From: Harald Alvestrand <harald@alvestrand.no>
Date: Mon, 11 May 2015 12:22:32 +0200
To: Charlie Kehoe <ckehoe@google.com>, Justin Uberti <juberti@google.com>
CC: "public-media-capture@w3.org" <public-media-capture@w3.org>
Message-ID: <555082E8.1040407@alvestrand.no>
Den 05. mai 2015 00:00, skrev Charlie Kehoe:
> Any additional thoughts here? The May 15th deadline is not too far away.

My feeling based on the discussion is that "buffer size" is still the
wrong number, because it doesn't describe what the user's constraint is.
"maxMediaDelay" may be more appropriate - "I can tolerate this many
milliseconds of delay with no impairment to my service" might be a good
description of semantics.

For systems that deliver low latency in their only available code path,
they would continue to deliver low latency.

At the other extreme, apps that want low latency could request that
(using ideal) or require that (using max), and get appropriate behavior.

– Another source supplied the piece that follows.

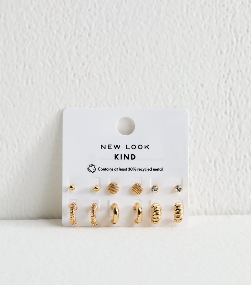 View New Look UK's returns policyElevate your everyday look with this 6-pack of gold tone studs and hoops from New Look. Perfect for creating customisable stacks, these earrings feature a diamanté and twist design. Made with a gold tone finish, they add a touch of sparkle to any outfit.
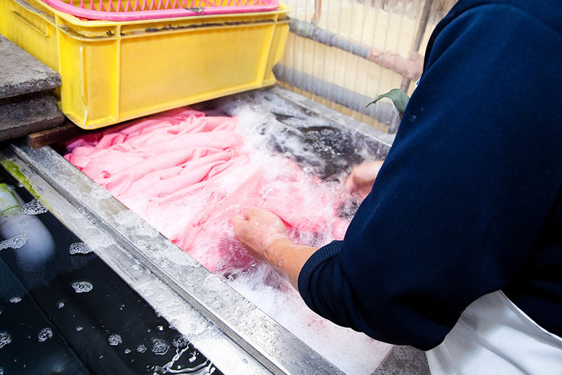 分解された汚れは、繊維を傷めないように専用ブラシを使い手作業で落とします。この工程が、洗い張りならではの丁寧なクリーニングです。

One good question is what part of the system we measure delay across,
though.


> 
> 
> On Wed, Apr 22, 2015 at 4:59 PM Justin Uberti <juberti@google.com
> <mailto:juberti@google.com>> wrote:
> 
> 
> 
>     On Tue, Apr 21, 2015 at 4:42 AM, Harald Alvestrand
>     <harald@alvestrand.no <mailto:harald@alvestrand.no>> wrote:
> 
>         Den 21. april 2015 02:32, skrev Charlie Kehoe:
>         > Some applications involve listening to audio for a potentially extended
>         > period of time (with user consent, of course), and are not particularly
>         > latency-sensitive. An example would be the "Ok Google" hotwording
>         > available on the Chrome new tab page, or other types of continuous
>         > speech recognition. For these applications, a typical low-latency audio
>         > configuration can lead to excessive power usage. I've measured 20% CPU
>         > usage for audio capture in Chrome, for example.
>         >
>         > My proposed solution is to offer a way to change the audio buffer size.
>         > This enables a tradeoff between latency and power usage. For example, a
>         > member could be added to MediaTrackConstraintSet
> 
>         >
>         <http://w3c.github.io/mediacapture-main/getusermedia.html#dictionary-mediatrackconstraintset-members>:
> 
> 
>         >
>         > dictionary MediaTrackConstraintSet {
>         >    ...
>         >    audioBufferDurationMs of type ConstrainLong
>         > };
>         >
>         > This would be an integer number of milliseconds. Perhaps the name could
>         > mention latency instead (e.g. audioLatencyMs).
>         >
>         > How does this simple change sound?
> 
>         I'd prefer to actually look at where the thing is connected, and
>         do the
>         configuration there.
> 
>         If it goes to a MediaStreamRecorder, that already has all the
>         information needed (chunk size).
>         If it goes to a PeerConnection, buffering may belong there, but
>         I'm not
>         sure how to represent it, or where it makes sense
>         (.permissibleBufferDelay on an RTPSender? Perhaps..)
> 
> 
>     One could argue that this would also apply for things like
>     resolution or sample rate, yet we allow those things to be specified
>     as inputs to gUM.
> 
>     Part of the reason for this is that you have the track before you
>     wire it up to something, which means you only learn about the
>     downstream needs at some point in the future, so you may have to go
>     reopen the device.
>      
> 
> 
>         If it's only which code path is chosen in the Google Chrome
>         browser, I'd
>         prefer a constraint like "googLowLatencyPath = false"; this is an
>         implementation concern, not an architectural concern.
> 
> 
>     I don't think this is a code path question; it's a generic question
>     of how often we should be reading data from the device, which
>     applications could have vastly different, non-binary opinions on. An
>     application that wants to do live music performance might choose to
>     read the device every 2.5 ms, and send as 2.5 ms packetized Opus,
>     whereas an application that is passively listening for commands
>     might want to read the device 10x less often.
>
Received on Monday, 11 May 2015 10:23:05 UTC